1000000/4 = 250,000 each for kids - - - Grandkids 0.00
Thats the way it usually works.

Or $125k per grandkid.

Or $200k per kids, $25k per grandkid.

Or $500k for 2 kids, nothing for the others.

Or $0 for them all and some charity scores big.

Etc, etc, etc.

There is no "usually".

If you are purchasing a place, plan it with your "OWN" asset. It's that simple. If you are going to get any of your grandfather assets, just consider it as a bonus and use that to pay off bills.

Glitch99 said:   mjoply said:   I would only see this question in bad taste if you hadn't talked to him in years and now that he is dying you ask. If you already talk with and or visit him frequently, I see nothing wrong with the question. You could tell him about the house so that he knows exactly why you are asking.
I agree - especially if OP doesn't have alot of experience with cash, he's potentially looking at a 6-figure windfall. Simply asking grandpa (on a good day) if he'll be getting anything, and what grandpa would advise doing with it because OP doesnt want to let him down by doing something stupid. And/or maybe ask what grandpa would like him to do with anything he is to receive. It doesn't have to come off as greedy and self-serving, doesnt even need to discuss specific dollar amounts, but more for reassurance that OP knows what to expect and what to do. There's nothing worse than trying to decide what grandpa would want after-the-fact.

And yes, it has alot to do with the family dynamic as well. In some families, now is the time you start helping gramps accumulate as much debt as possible since the debt dies when he does. In other families, even thinking that would get you banned from family gatherings.


Inaccurate. Much will depend on how Grandpa's assets are titled/if probate will be required etc. In most jurisdictions claims must be resolved before distributions to beneficiaries. This would only be a viable strategy if there were no assets.

dmbfan5585 said:   germanpope said:   Total awol post on thanksiving. OP, let me sum it up --- you are one effin jerk.

Eh I guess I am. I dont want to harp on this kind of thing, but I want to know for planning purposes.

I am a total finance geek, track every penny on a spreadsheet, etc. Just having such a large unknown is not in my nature. Especially when I am close to embarking on the biggest financial move of my life, by far (purchasing a piece of real estate)


Relax and take a break. Lot more to life than money, or worrying about money, weather you have it or not. The happiest people I know are the ones with the least money, they are not rich or poor, and money doesn't control every facet of their lives. I see a lot of young people today obsessed with money. Even though this is FWF, money should not be the top priority in our lives.

agree that the grand kids should not be asking this question about how much $ will i get. OP should make decisions about his own life without expecting anything from granddad

another set of questions has to do with knowing the grandfather's wishes and those should be asked by one of his own children (not grand kid) an attorney recently gave a seminar at church and the one thing he said was the most unkind thing you can do to your family is to not plan for the possibility of becoming incapacitated and/or die without having a will.
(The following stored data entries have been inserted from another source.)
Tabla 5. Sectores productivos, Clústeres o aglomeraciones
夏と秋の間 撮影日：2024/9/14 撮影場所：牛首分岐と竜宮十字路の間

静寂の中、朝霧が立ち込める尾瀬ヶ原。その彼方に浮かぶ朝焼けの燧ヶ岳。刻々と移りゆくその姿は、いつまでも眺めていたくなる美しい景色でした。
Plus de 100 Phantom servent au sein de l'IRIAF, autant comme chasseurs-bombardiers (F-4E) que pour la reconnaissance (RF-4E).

That just adds more stress to all involved and its very costly as the family does not know the wishes of the grandfather. This attorney was honest about the fact that he makes most his money from those that do not have any of those documents prepared and it would be less than a $1,000 to get these documents prepared.

2stepsbehind said:   Glitch99 said:   mjoply said:   I would only see this question in bad taste if you hadn't talked to him in years and now that he is dying you ask. If you already talk with and or visit him frequently, I see nothing wrong with the question. You could tell him about the house so that he knows exactly why you are asking.
I agree - especially if OP doesn't have alot of experience with cash, he's potentially looking at a 6-figure windfall. Simply asking grandpa (on a good day) if he'll be getting anything, and what grandpa would advise doing with it because OP doesnt want to let him down by doing something stupid. And/or maybe ask what grandpa would like him to do with anything he is to receive. It doesn't have to come off as greedy and self-serving, doesnt even need to discuss specific dollar amounts, but more for reassurance that OP knows what to expect and what to do. There's nothing worse than trying to decide what grandpa would want after-the-fact.
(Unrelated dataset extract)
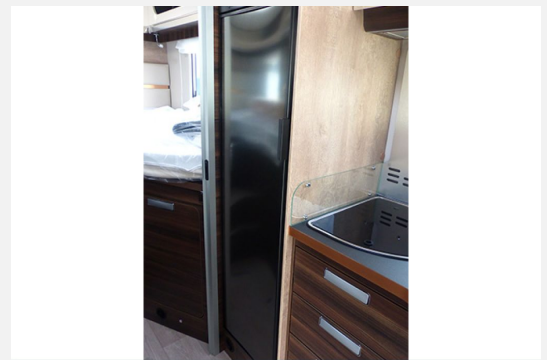
Camper NRW by Hartmann GmbH – Verkauf, Vermietung und Service von Reisemobilen Alfred-Nebel-Str. 7 | 41515 Grevenbroich | Tel.: 021 81 / 65 56-10 00 | anfrage@camper-nrw.de | www.camper-nrw.de CAMPER NRW
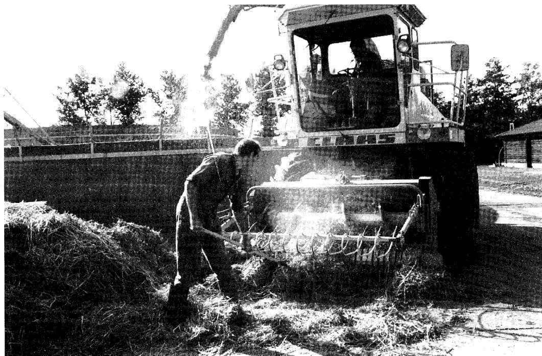
Bij deze methode van stro toevoegen is een tweede persoon nodig voor het invoeren van het stro in de hakselaar.

In de proeven is aan de mengmest in de silos 4 kg stro per m 2 silo-oppervlak toegevoegd. Het stro is met een zelfrijdende hakselaar gehakseld en in de silo geblazen. Dit is gedaan op het moment dat voldoende mest in de silo aanwezig is om met het stro gemengd te kunnen worden. In

And yes, it has alot to do with the family dynamic as well. In some families, now is the time you start helping gramps accumulate as much debt as possible since the debt dies when he does. In other families, even thinking that would get you banned from family gatherings.
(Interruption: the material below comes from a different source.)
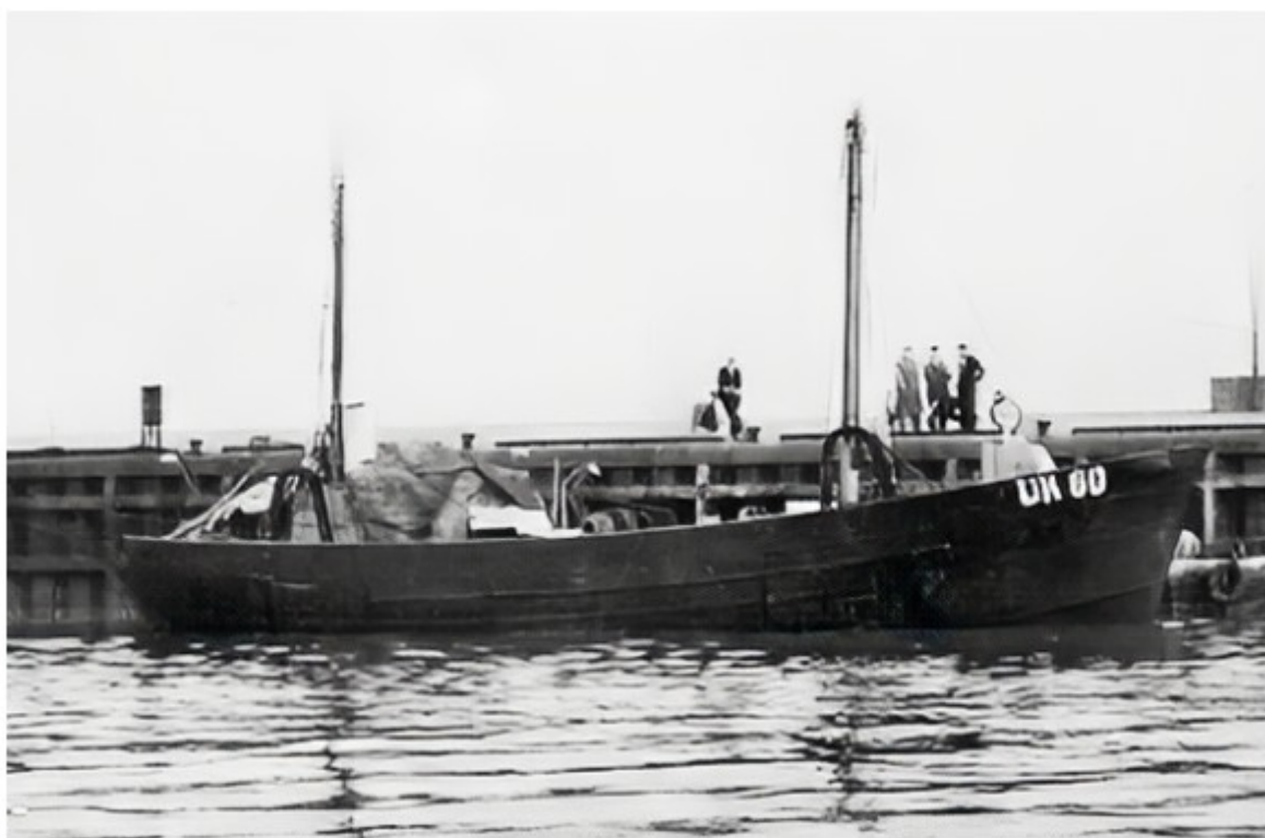
Na de ramp .

Inaccurate. Much will depend on how Grandpa's assets are titled/if probate will be required etc. In most jurisdictions claims must be resolved before distributions to beneficiaries. This would only be a viable strategy if there were no assets.
For the point being made, it is completely accurate. The "depends on" you add is clearly part of the strategy, which I didn't mention because successfully executing that strategy wasnt the point being made. The point was that some people/families consider intentionally planning to profit from someone's death to be undignified and slimy, while others will plan to score every last dollar they can, and his family's attitude will dictate how OP approaches this conversation if he even should at all..

Tacky is an understatement! You should be ashamed! He has no obligation to leave you one cent and with relatives like you I would hope he wouldn't.

I don't understand why everybody is so upset at the OP. He's not implying he is entitled to anything, he just wants more access to information about an event likely to happen soon. Furthermore, there is reason to believe that the answer he seeks does exist.
However... your grandfather clearly isn't interested in telling you, or he could have done that already. So it gets to be a mystery. One helpful question to ponder though, is did he always give you birthday presents/cash? If he didn't, it seems unlikely he'd be leaving money for you now. Unless you have a specific reason to think that he's left you money, you should assume it will be going to his children.

FWIW, my grandpa left most of his assets to my grandmother, and then equally divided the remainder between the three children. Grandchildren did not inherit. When my grandmother dies, her assets will be divided equally among her children, with grandchildren receiving only what their parents choose to give to them. The way things go in my family, we'll get our pick of some personal items (jewelry/furniture, photos, decor) with the understanding that the item should "stay in the family." Grandchildren should generally not expect to inherit unless the decedent has put a lot of time and thought into planning their estate. And if they had, you would likely know about it.

The default distribution of assets is almost always: all to spouse and if my spouse predeceases me, equal share to each of my children. If one child is dead, then their share may go to their heirs. In which case, you'd only inherit if your mom & dad die first. There are lots of other potential configurations, but a lot of people go with uncomplicated defaults or forms.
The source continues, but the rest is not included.